I was about to say the same thing Brit just said....Bonnie is a very nice person and I think you'd enjoy talking with her. But she is a hard one to get a hold of.

She usually has more boys than girls available, so you might be in luck...when you leave e-mail and voice mail messages, maybe if you let her know you're interested in a boy it would help.

My little Ava is from Bonnie. She's beautiful, sweet and healthy! (she's the one with the red bow in my siggy picture)


----------



## 1malt4me (Oct 6, 2006)

From what I have read on this list she seems like a nice breeder and her dogs are very pretty.
Dee


----------



## Cosy (Feb 9, 2006)

cleex1004 said:


> I want a little boy. My current malt is a 16mo boy who enjoys cuddling but needs time alone as well. He demands attention and is a bit sensitive to a few things like big dogs. I want a little boy to be like the goofy little brother, very laid back, non reactive and easy going. I was also wondering if her dogs have any problems with tearstaining. I know the few that I have seen from her have very very white faces, like cosy and casanova. I absolutely love her dogs but I am hesitant to add another dog because I want to get the right fit.


Any malt can get tear stain depending on food, allergies, teething, etc. Cosy had a little staining awhile back for a week or so.
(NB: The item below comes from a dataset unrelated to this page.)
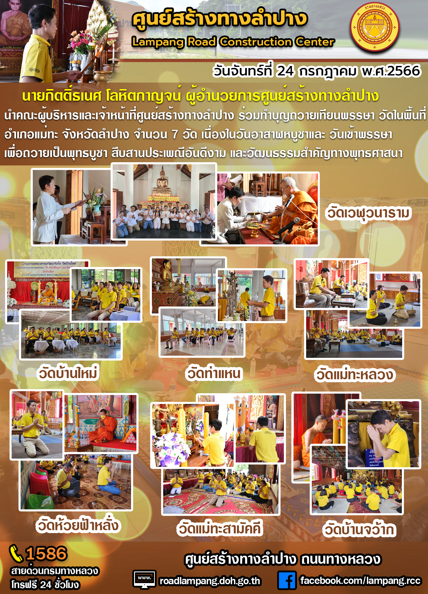 นายกิตติ์ธเนศ โลหิตกาญจน์ ผู้อำนวยการศูนย์สร้างทางลำปาง นำคณะผู้บริหารและเจ้าหน้าที่ศูนย์สร้างทางลำปาง ร่วมทำบุญถวายเทียนพรรษา วัดในพื้นที่อำเภอแม่ทะ จังหวัดลำปาง จำนวน 7 วัด เนื่องในวันอาสาฬหบูชาและ วันเข้าพรรษา เพื่อถวายเป็นพุทธบูชา สืบสานประเพณีอันดีงาม และวัฒนธรรมสำคัญทางพุทธศาสนา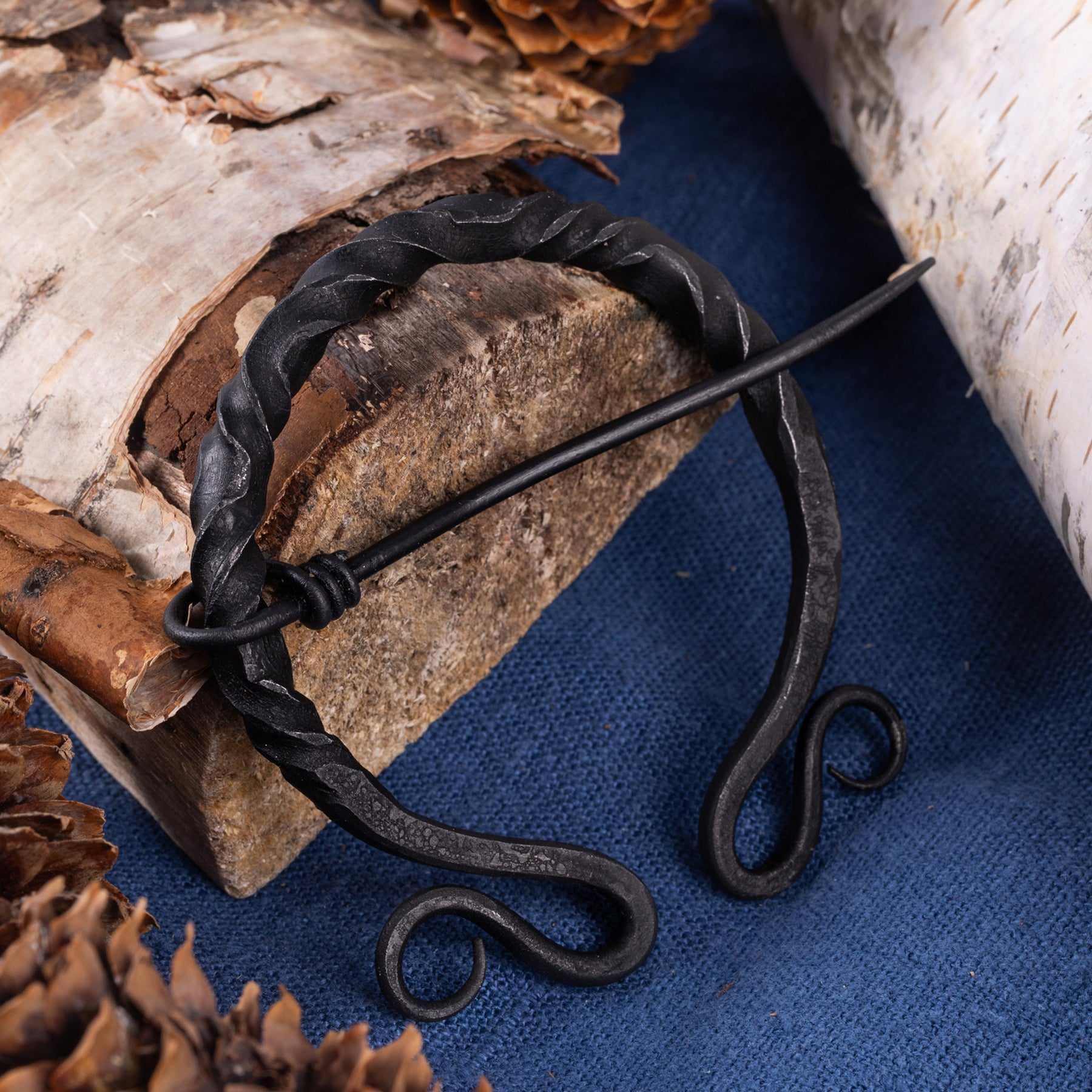 Eine Fibel ist eine Anstecknadel oder Brosche, mit der die Wikinger ihre Kleidungsstücke befestigten. Diese hier ist aus gedrehtem Eisen handgeschmiedet und eignet sich gut für Umhänge und andere größere Kleidungsstücke.

I have no idea what caused it other than maybe I sprayed hair spray that may have floated into her eyes.
I do take care to keep her eyes free of debris and she's on a good kibble.


----------



## Deborah (Jan 8, 2006)

How is her grooming product coming along? I almost need to buy new shampoo so I was hoping her new product would be ready.


----------



## Cosy (Feb 9, 2006)

It's still not out yet, but it IS coming.


----------



## cleex1004 (Aug 2, 2008)

Thanks for all the help! I've been having some trouble with louis' tearstaining. I've tried almost everything. Yogurt, eye envy, and tylan. Hes on NB duck and potato and I wash his face every night. He still has one baby tooth that hasnt come out which i think may be part of the problem. My vet is reluctant to put him under just to take out one tooth and so we've decided to wait until he needs a teeth cleaning, if he every does. I've been told to keep it clean and it shouldn't be a problem. I havent checked for closed ducts yet, but I guess I can ask when I go in for his shots. Thanks again for all the input.


----------



## fach (Jun 27, 2005)

Both of my girls are from Bonnie. My experience with her has been very good. My girls look and behave very differently from each other, so I think you will do well to know personalities vary. My girls also look different. Dixie has a wide face with huge eyes. Lilly has a petite face, thinner snout, and smaller eyes. She is still a puppy so time will tell how close they end up resembling each other. Dixie will tear stain from time to time. I use angel glow when it comes up and that takes care of it. I haven't needed to treat her for tear staining more than a few times in her five years. Lilly hasn't much staining and I think the bit she has is from teething. She is seven months now. Both girls have wonderful personalities and are very lovable. I don't think you can go wrong with Bonnie. Just be sure to describe the personality traits you are interested in so she can help select the best fluff for you.


----------